Exercise
Give the lines again exactly as they appear, from the first line of the listing through the line containing "Bring a splash", and omit every picture.

Supplied data
◇ ◇ ◇ ◇ ◇

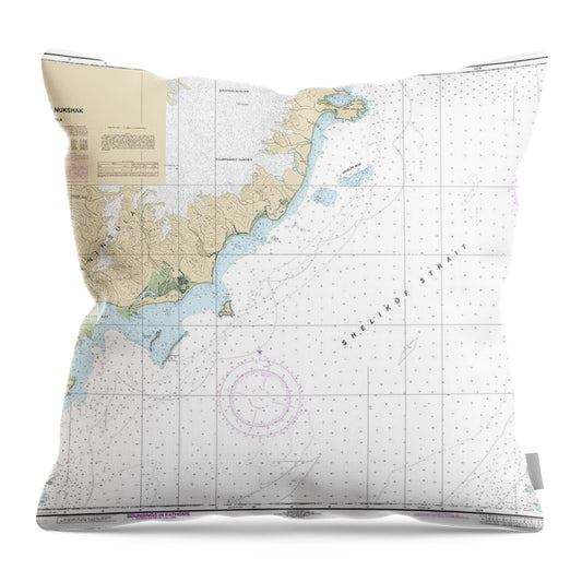 Nautical Chart-16608 Shelikof Strait-cape Douglas-cape Nukshak - Throw Pillow
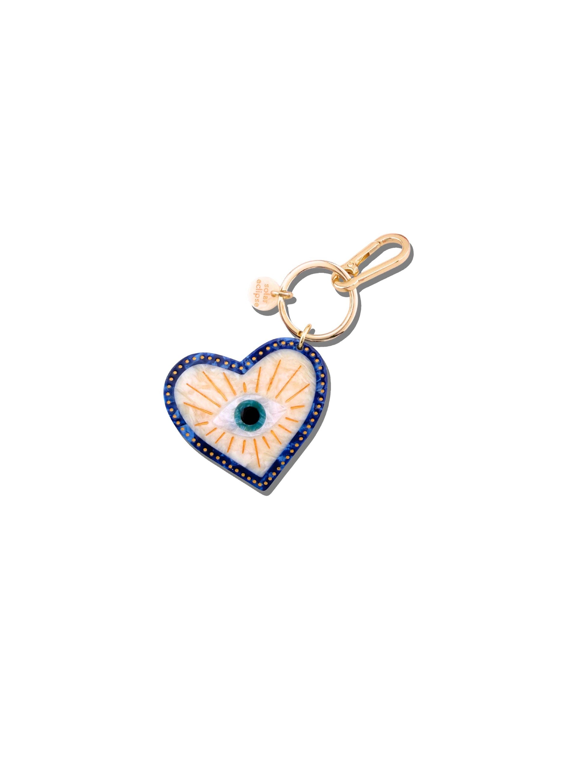 Bring a splash of coastal cool to your everyday carry with this hand-painted lucky eye charm. Crafted in small batches by our Solar Eclipse artists in NYC, each piece is a one-of-a-kind original you won't spot anywhere else. The double-sided design means eye-catching appeal from every angle—clip it to your bag, dangle it from your keys, or mix and match. Built from super-strong, biodegradable acetate made from recycled wood pulp, it's lightweight, luminous, and ready for action. Comes complete with a sturdy carabiner and split keyring. Wrapped in sustainable packaging because good vibes deserve a good home.
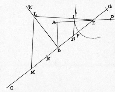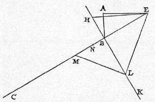| Aliter, magis expedite. Sit BC planum inclinatum, BA perpendiculum. Ducta perpendiculari per B ad EC, et utrinque extensa, ponatur BH aequalis excessui BE super BA, et angulo BHE ponatur aequalis angulus HEL; ipsa vero EL extensa occurrat BK in L, et ex L {20} excitetur perpendicularis ad EL, LM, occurrens BC in M: dico, BM esse spatium in plano BC quaesitum. Quia enim angulus MLE rectus est, erit BL media inter MB, BE, et LE media inter ME, EB, cui EL secetur aequalis EN; et erunt tres lineae NE, EL, LH aequales, et HB erit excessus NE super BL: verum eadem HB est etiam excessus NE super NB, BA: ergo duae NB, BA aequales sunt BL. Quod si ponatur, EB esse tempus per EB, erit BL {30} tempus per BM ex quiete in B, et BN erit tempus eiusdem post EB, seu post AB, et AB erit tempus per AB: ero tempora per ABM, nempe ABN, aequalia sunt tempori per solam BM ex quiete in B: quod est intentum. | Another and shorter proof is the following: Let BC be the inclined plane and BA the vertical; at B draw a perpendicular to EC, extending it both ways; lay off BH equal to the excess of BE over BA; make the angle HEL equal to the angle BHE; prolong EL until it cuts BK in L; at L draw LM perpendicular to EL and extend it till it meets BC in M; then, I say, BM is the portion of BC sought. For, since the angle MLE is a right angle, BL will be a mean proportional between MB and BE, while LE is a mean proportional between ME and BE; lay off EN equal to LE; then NE = EL = LH, and HB = NE-BL. But also HB = NE-(NB+BA); therefore BN+BA = BL. If now we assume the length EB as a measure of the time of descent along EB, (Condition 2/02-th-02-cor2) the time of descent, from rest at B, along BM will be represented by BL; (Condition 2/11-th-11) but, if the descent along BM is from rest at E or at A, then the time of descent will be measured by BN; (Condition 2/03-th-03-cor) and AB will measure the time along AB. Therefore the time required to traverse AB and BM, namely, the sum of the distances AB and BN, is equal to the time of descent, from rest at B, along BM alone. Q. E. F. |

◇ ◇ ◇ ◇ ◇

Problem solution
 Nautical Chart-16608 Shelikof Strait-cape Douglas-cape Nukshak - Throw Pillow
 Bring a splash of coastal cool to your everyday carry with this hand-painted lucky eye charm. Crafted in small batches by our Solar Eclipse artists in NYC, each piece is a one-of-a-kind original you won't spot anywhere else. The double-sided design means eye-catching appeal from every angle—clip it to your bag, dangle it from your keys, or mix and match. Built from super-strong, biodegradable acetate made from recycled wood pulp, it's lightweight, luminous, and ready for action. Comes complete with a sturdy carabiner and split keyring. Wrapped in sustainable packaging because good vibes deserve a good home.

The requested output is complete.